I’m alone on a peaceful autumn morning. A steady 10 mph wind blows from the NNW, while temps start to creep above freezing. Perched in my tree, I patiently wait for shooting light. Dawn passes, and deer after deer start shuffling into my area.
I was no longer alone. Six deer surround me on three sides, each in favorable wind arrangements. They wander back and forth, snacking on an ample acorn supply, ignorant of my perilous presence.
I dream of mornings like this. Everything is going according to plan, and the situation has all the makings of a successful deer hunt. As I soak in the splendor, a new source of leaf crunching catches my ears. I hesitantly turn to survey the situation, and a big-body eight-pointer enters the scene. He’s a front-heavy beast with thick horns.
A shooter, by all accounts. Unfortunately, he’s approaching my downwind side, and I fear the inevitable. Busted. He catches my scent from 75-yards away, blurts out multiple aggressive snorts, ensuring every deer in my vicinity is aware of the danger, and they all high-tail it out of there. I’m alone again.
As a bowhunter, I know the deer’s incredible sense of smell is their first line of defense. To combat their inhuman skill, I follow an exhaustive scent control routine. I take a scent-free shower, dry off with a designated “hunting” towel, slip on my camo in the field, soak my gear in scent eliminator, and more.

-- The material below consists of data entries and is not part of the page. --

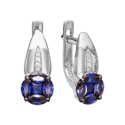 Серьги из белого золота с бриллиантами и сапфирами (040018)
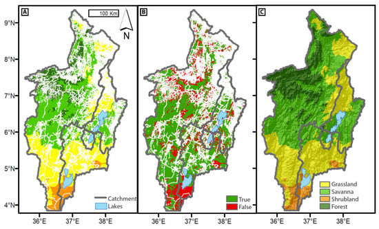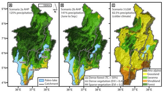 The combined LBM for the 2a AHP scenario with no change in the seasonality of the precipitation shows a lake occurrence of paleo-lake Chew Bahir under modern-day precipitation conditions. With increasing precipitation from 15 to 20%, the model shows initially no lake, which changes as soon as the threshold of 25% precipitation is reached and a lake is (re)established. In the 2b scenario, as a theoretical contrast scenario with additional precipitation in June to September, the threshold for lake appearance is at ~41% more precipitation compared to today. For scenario 3, the modelled LGM environmental conditions, caused the lakes to disappear below 80–85% of the modern-day precipitation. We used these thresholds (2a—125%, 2b—141%, 3—82.5%) as minimum (AHP) and maximum (LGM) precipitation thresholds and as input parameters for the spatial reconstruction of the vegetation mosaic during these time periods by combining the LC-BRT, the EVI-BRT and the TC-BRT (Figure 6). We added the maximum lake extents of lakes Abaya, Chamo and paleo-lake Chew Bahir [10], as well as Lake Turkana [12] for the AHP scenarios. During the LGM, the model suggests that a desiccation of lakes Abaya and Chamo would have required 10% further reduction in precipitation than required for the desiccation of paleo-lake Chew Bahir (Figure 5C).
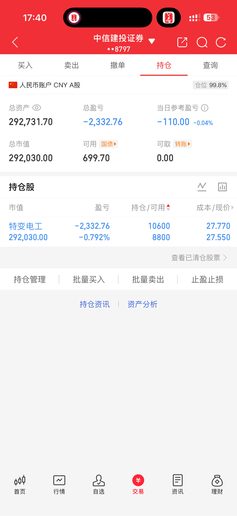 $特变电工(SH600089)$ 反反复复拉扯1月22 29建仓 好消息成本降到27.77。坏消息手续费花了将近700
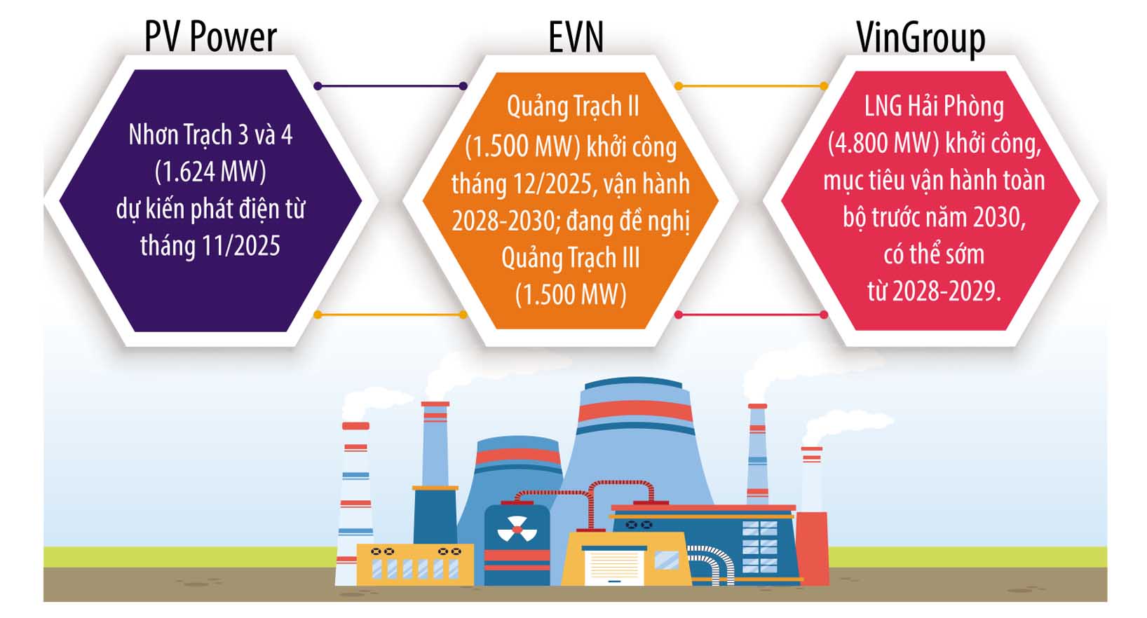 Sau Nhơn Trạch 3 và 4, nhiều dự án điện khí LNG khác đã được cấp Giấy chứng nhận đầu tư. Tuy nhiên, mối quan tâm lớn nhất hiện nay của ngành điện đang hướng về các dự án LNG do EVN và Tập đoàn VinGroup triển khai.

To me, up in the tree, I smell like nothing. To a big-body eight, I smell like danger, and he’s right. Whether via residual floating molecules or cross-contamination, I gather enough aroma to catch the deer’s attention. To better understand how this is possible, I leverage what I’ve learned about the transmission of diseases during the ongoing pandemic.
The sense of smell is akin to taste in that it’s direct. If you place something on your tongue, you can taste it. Similarly, if tiny molecules of a volatile object, small enough to be airborne, reach your nasal passage, you can smell it. It’s not a pleasing thought, but if you smell it, you’re touching it. And these molecules are everywhere.
As I read the CDC advice for preventing disease spread, which is to wear masks, cover our mouths when we cough or sneeze, and maintain a six-foot distance from others, I think of my scent control routine.
Some diseases or viruses, like COVID-19, follow a similar transportation pattern in that they spread via airborne particles. If I’m within close proximity of an infected person, and they’re expelling airborne particles, odds are, some of those particles will reach me.
Applying that same logic to smells, I must wonder, how do I avoid aromatic molecules? Even with a scent-free shower and a designated hunting towel, where should I store my truck clothes, and how do I get to them without encountering smelly molecules along the way? Once I reach my truck clothes, how can I be sure they are molecule free?
After dressing, I still must traverse through the house and into my truck, ensnaring more malodorous molecules as I go. The kitchen is aromatic from last night’s dinner, and my truck retains hints of Tuesday’s takeout and Wednesday’s sweaty gym clothes.
No matter what I do, I’m not scent-free in the woods. Instead, I’m a diverse petri dish of the countless molecules I encounter, from the shower to the treestand.
Cross-contamination is the unintended transfer of matter from one object to another. Technically, cross-contamination is a medical term that presumes adverse effects, but since a busted hunt is as depressing as it gets, I’ll apply it here. Let’s run through a scenario where sickness is transferred via cross-contamination.
If sick person A touches the doorknob with their germ-infested hand, that doorknob is contaminated with the sickness. If the germ remains active and person B touches the same doorknob, their hand is now germ-infested.
Of course, to potentially become sick, person B must allow that germ to enter their body, but you can see how quickly this becomes convoluted.
Regarding matters of a smellier nature, the same general rules apply. If person A touches the doorknob with their smell-infested hand, that doorknob now smells. If person B touches the same doorknob… You got it. Person B’s hand smells.
Again, I consider my scent control routine. Does my designated hunting towel remain unscathed between hunts? What flowery lotion adorns the bathroom doorknob? Do the kids wash their hands before flipping the hallway light switch? What shenanigans did I get into before I last touched my steering wheel?
I’m overwhelmed by the number of smelly obstacles on my path. Like the floating molecules, a relentless barrage of smell-infested objects stands before me and my elevated destination. I think to myself, am I voiding my scent control efforts as soon as I walk out of the shower?
For deer, smelly objects exist in a realm unknown to us humans. Simply put, we are fledgling smellers compared to them. Deer boast a smelling sense 1,000 times more perceptive than ours, beating out the revered nose of a bloodhound. We are fools to think we can beat their nose, but we can even the playing field.
Take a page from CDC disease prevention guidelines, do what you can, and continually enhance your scent control routine. Identify and limit exposure to foreign floating molecules and cross-contaminated objects. Bottom line, don’t ignore the wind. It will make or break your hunt. Always hunt with the wind to your advantage.